(Entries supplied Opens)
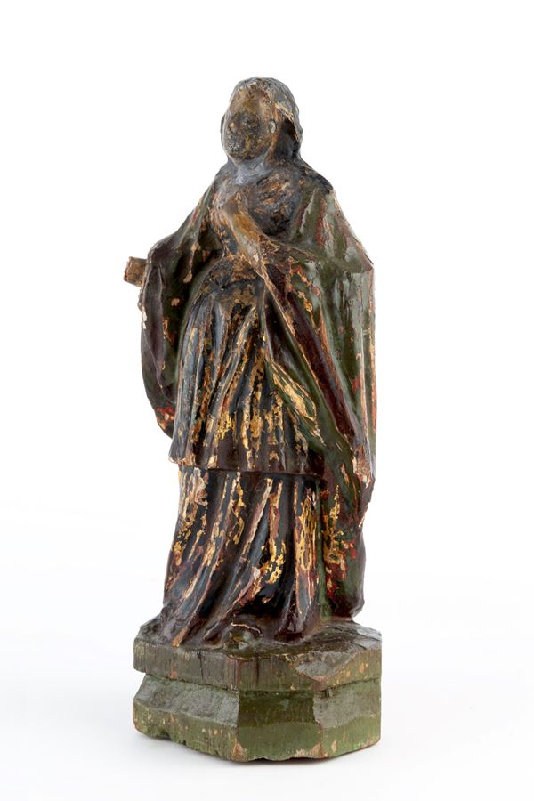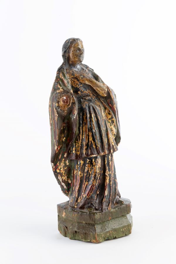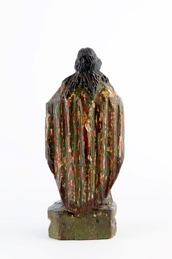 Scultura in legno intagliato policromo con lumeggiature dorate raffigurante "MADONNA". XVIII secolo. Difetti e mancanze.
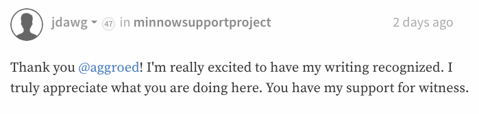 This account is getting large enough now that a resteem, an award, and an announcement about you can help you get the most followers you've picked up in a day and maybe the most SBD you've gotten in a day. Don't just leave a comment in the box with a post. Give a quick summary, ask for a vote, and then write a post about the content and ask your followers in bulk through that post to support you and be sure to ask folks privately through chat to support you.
(Entries supplied Closes)
(Entries supplied Opens)
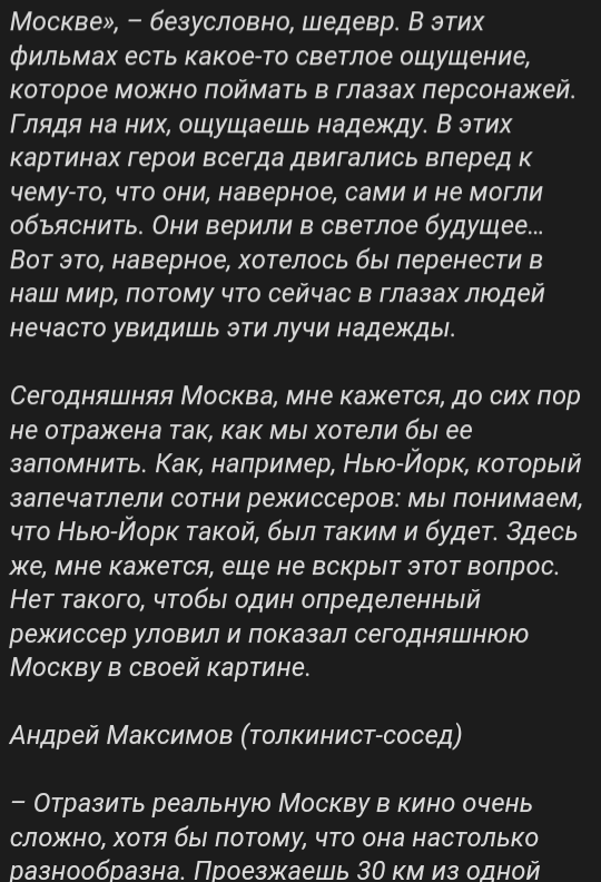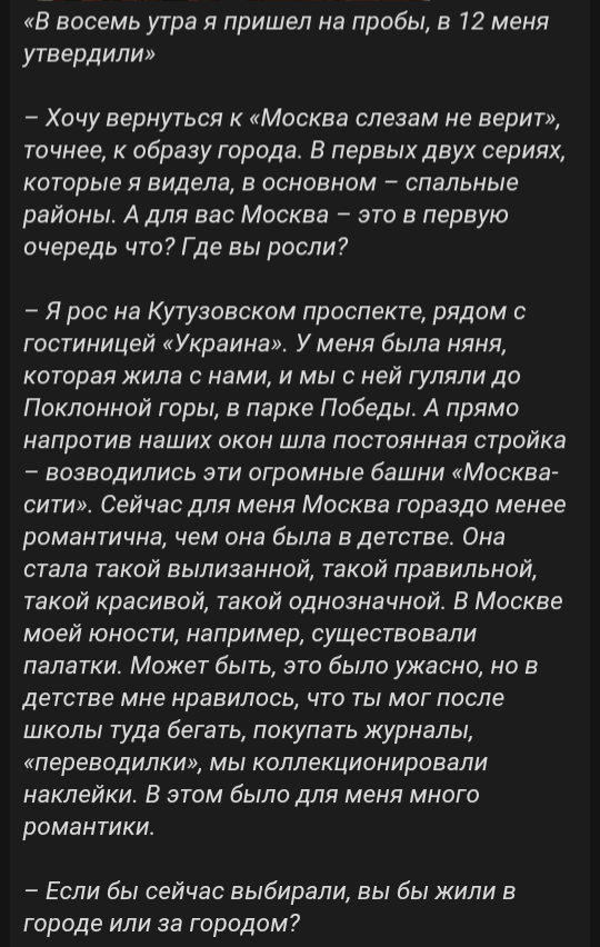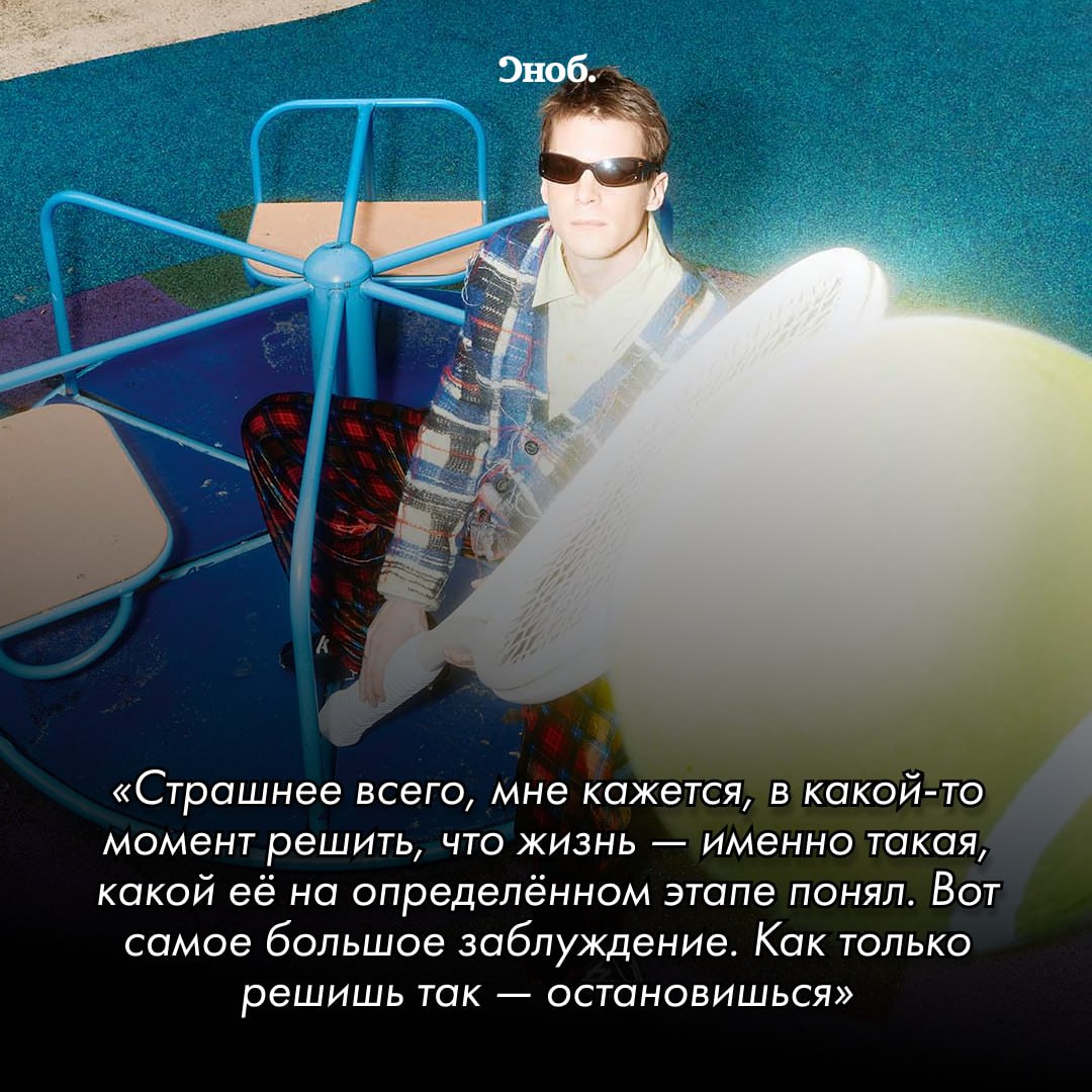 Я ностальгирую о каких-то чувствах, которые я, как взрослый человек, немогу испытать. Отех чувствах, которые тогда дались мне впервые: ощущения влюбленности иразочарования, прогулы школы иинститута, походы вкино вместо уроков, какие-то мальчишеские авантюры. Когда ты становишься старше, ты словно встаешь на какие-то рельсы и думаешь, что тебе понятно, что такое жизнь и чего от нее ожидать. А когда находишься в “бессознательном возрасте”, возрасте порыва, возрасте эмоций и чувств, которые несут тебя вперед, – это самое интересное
(Entries supplied Closes)
§ **Work task**: Reproduce, word for word, only the lines in the records above from the line with "Scultura in legno" through the line with "This account is", including both ends; omit the pictures.

§ **Solution to this task**:
 Scultura in legno intagliato policromo con lumeggiature dorate raffigurante "MADONNA". XVIII secolo. Difetti e mancanze.
 This account is getting large enough now that a resteem, an award, and an announcement about you can help you get the most followers you've picked up in a day and maybe the most SBD you've gotten in a day. Don't just leave a comment in the box with a post. Give a quick summary, ask for a vote, and then write a post about the content and ask your followers in bulk through that post to support you and be sure to ask folks privately through chat to support you.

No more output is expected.